## ACTION ITEM
Write out, please, each line from the one containing "O perfume para" to the final line of the data, both included, exactly and without pictures.

***** INPUT FOR THIS TASK

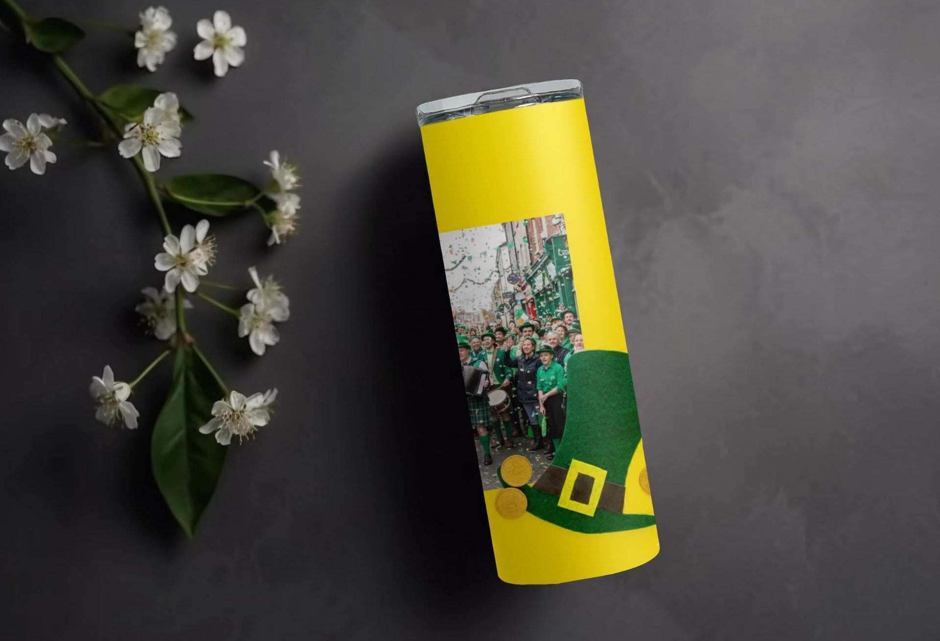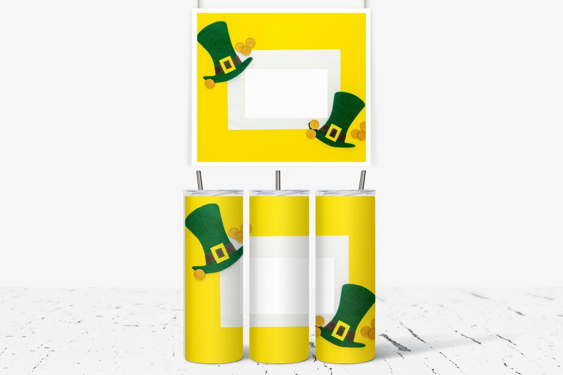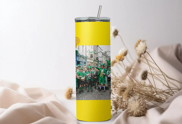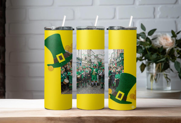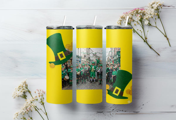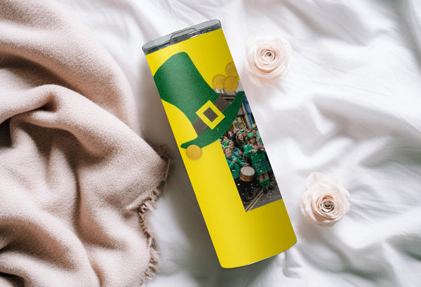 Stay festive and hydrated on St. Patrick's Day with our Leprechaun Hat Photo Tumbler! Adorned with green leprechaun hats, gold buckles, and scattered gold coins, this tumbler features a white space for your personalized photo. Enjoy hot drinks for 6 hours or cold drinks for 24 hours. Perfect for celebrating in style!
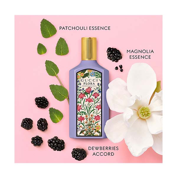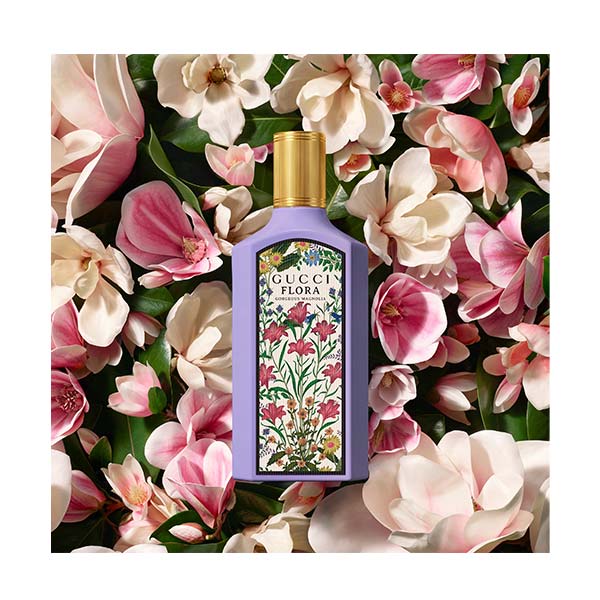 O perfume para mulher Gucci Flora Gorgeous Magnolia, que convida a dar asas às suas fantasias com segurança e confiança, é a terceira fragrância Gucci que compõe a coleção #FloraFantasy.
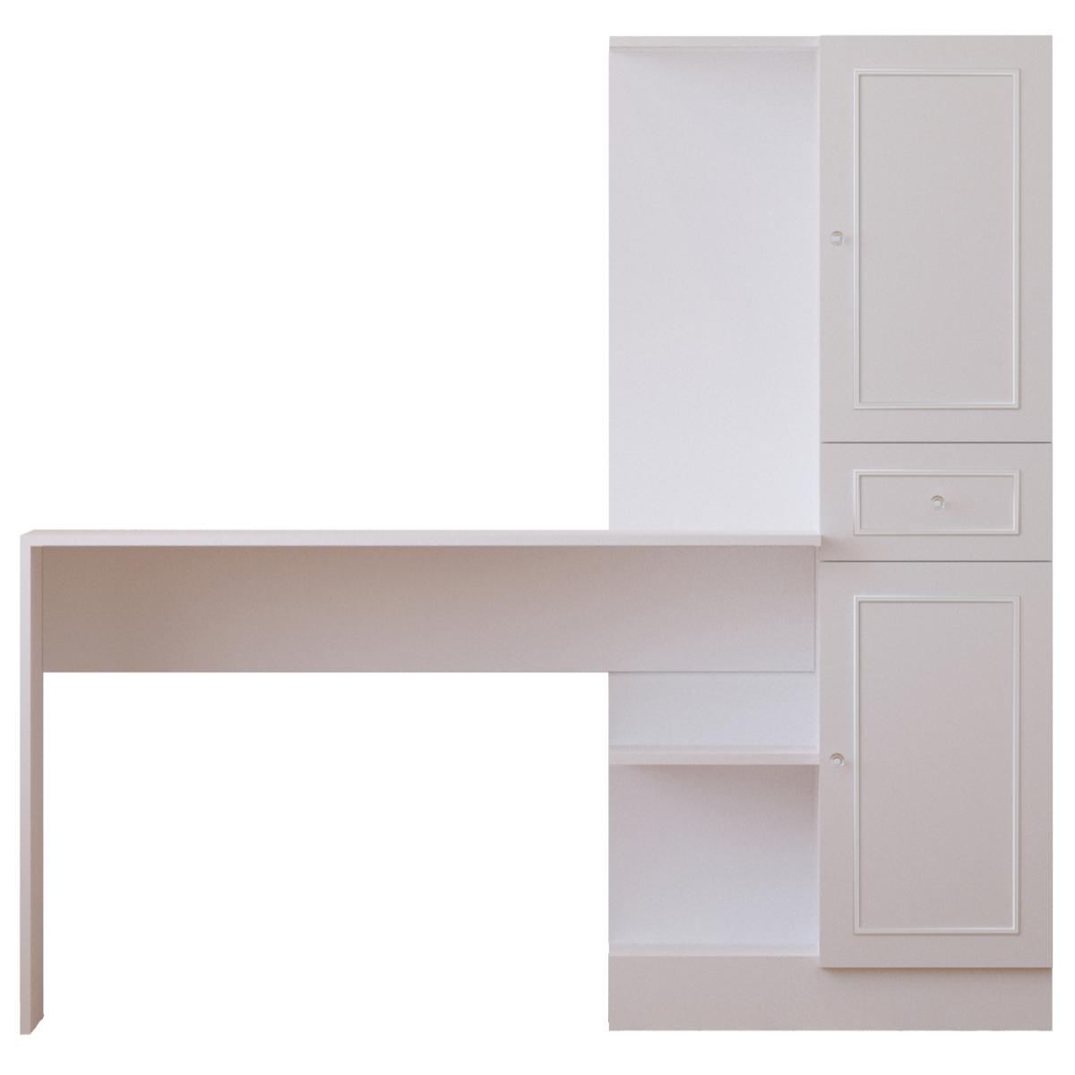 Simple but effective, GISELLE range is a modern take on the classic French furniture. Soft carved lines and white finish with matching accessories. Combining 2 door 1 drawer bookcase and shelving with a large desk, finished in white with antique style handles, this unit is a complete solution for your home office.
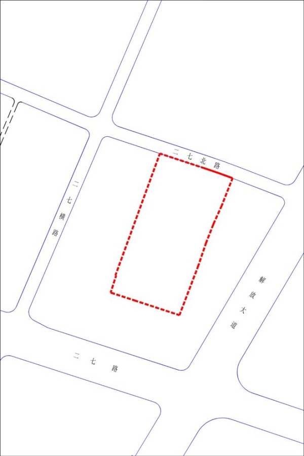 项目地块呈长方形,东侧3栋高层,西侧2栋小高层,均为西南朝向,与二七北路基本平行、与解放大道基本垂直,正面楼间距超过50米。主入口位于二七北路,大门位于两栋底商之间。
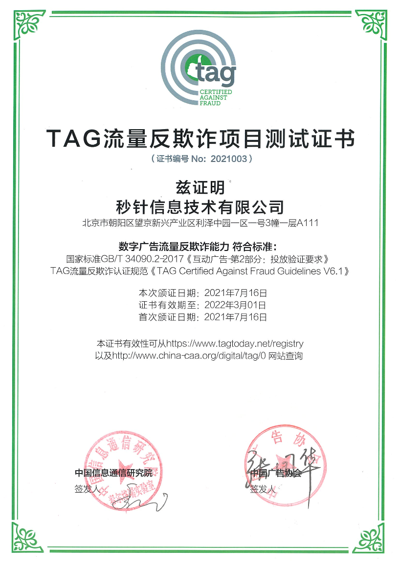 秒针系统《TAG流量反欺诈项目测试证书》

**********

## FINAL ANSWER
 O perfume para mulher Gucci Flora Gorgeous Magnolia, que convida a dar asas às suas fantasias com segurança e confiança, é a terceira fragrância Gucci que compõe a coleção #FloraFantasy.
 Simple but effective, GISELLE range is a modern take on the classic French furniture. Soft carved lines and white finish with matching accessories. Combining 2 door 1 drawer bookcase and shelving with a large desk, finished in white with antique style handles, this unit is a complete solution for your home office.
 项目地块呈长方形,东侧3栋高层,西侧2栋小高层,均为西南朝向,与二七北路基本平行、与解放大道基本垂直,正面楼间距超过50米。主入口位于二七北路,大门位于两栋底商之间。
 秒针系统《TAG流量反欺诈项目测试证书》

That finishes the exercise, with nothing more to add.